> Action item:
Please write out only the lines from the line with "Petite Split Shank" to the line with "10月9日上午,我校第二十五届田径运动会开幕式在田径运动场举行。", inclusive, exactly as they stand below, without the pictures.

> Data records:
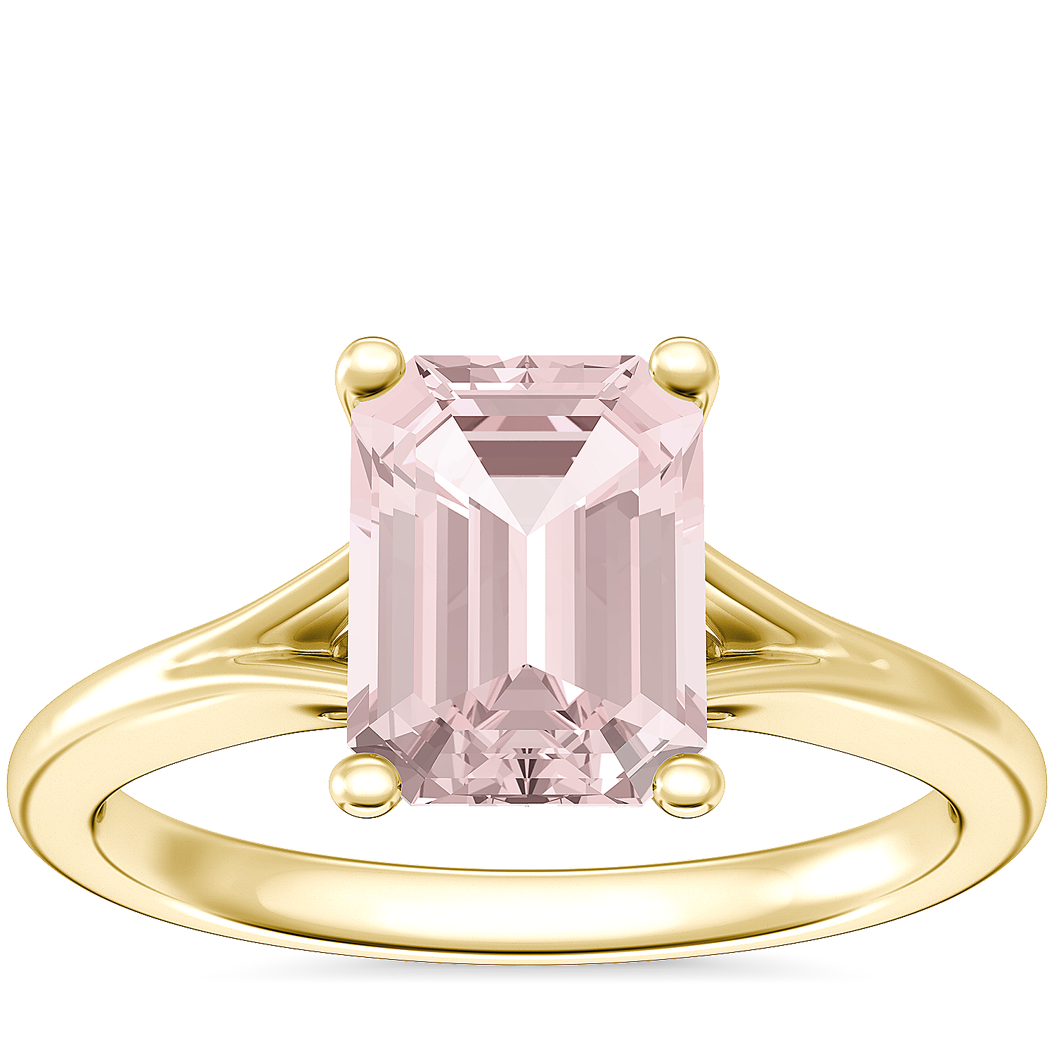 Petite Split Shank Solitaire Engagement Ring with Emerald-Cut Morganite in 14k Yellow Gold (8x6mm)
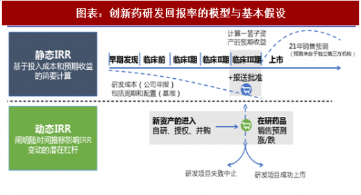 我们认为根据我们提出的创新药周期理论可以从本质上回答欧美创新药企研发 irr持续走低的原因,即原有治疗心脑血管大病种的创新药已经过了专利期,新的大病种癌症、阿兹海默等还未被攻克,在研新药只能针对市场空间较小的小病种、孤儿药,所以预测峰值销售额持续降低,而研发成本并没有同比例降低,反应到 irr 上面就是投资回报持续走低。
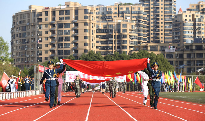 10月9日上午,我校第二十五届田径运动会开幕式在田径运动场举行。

==

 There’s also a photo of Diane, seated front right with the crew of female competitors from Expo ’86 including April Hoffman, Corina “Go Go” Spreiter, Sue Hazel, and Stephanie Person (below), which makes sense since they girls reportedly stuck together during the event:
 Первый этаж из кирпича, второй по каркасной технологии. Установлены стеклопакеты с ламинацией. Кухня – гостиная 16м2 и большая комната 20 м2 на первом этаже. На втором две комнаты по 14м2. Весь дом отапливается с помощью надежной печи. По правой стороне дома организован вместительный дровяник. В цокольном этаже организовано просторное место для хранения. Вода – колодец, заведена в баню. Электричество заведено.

> Solved exercise:
 Petite Split Shank Solitaire Engagement Ring with Emerald-Cut Morganite in 14k Yellow Gold (8x6mm)
 我们认为根据我们提出的创新药周期理论可以从本质上回答欧美创新药企研发 irr持续走低的原因,即原有治疗心脑血管大病种的创新药已经过了专利期,新的大病种癌症、阿兹海默等还未被攻克,在研新药只能针对市场空间较小的小病种、孤儿药,所以预测峰值销售额持续降低,而研发成本并没有同比例降低,反应到 irr 上面就是投资回报持续走低。
 10月9日上午,我校第二十五届田径运动会开幕式在田径运动场举行。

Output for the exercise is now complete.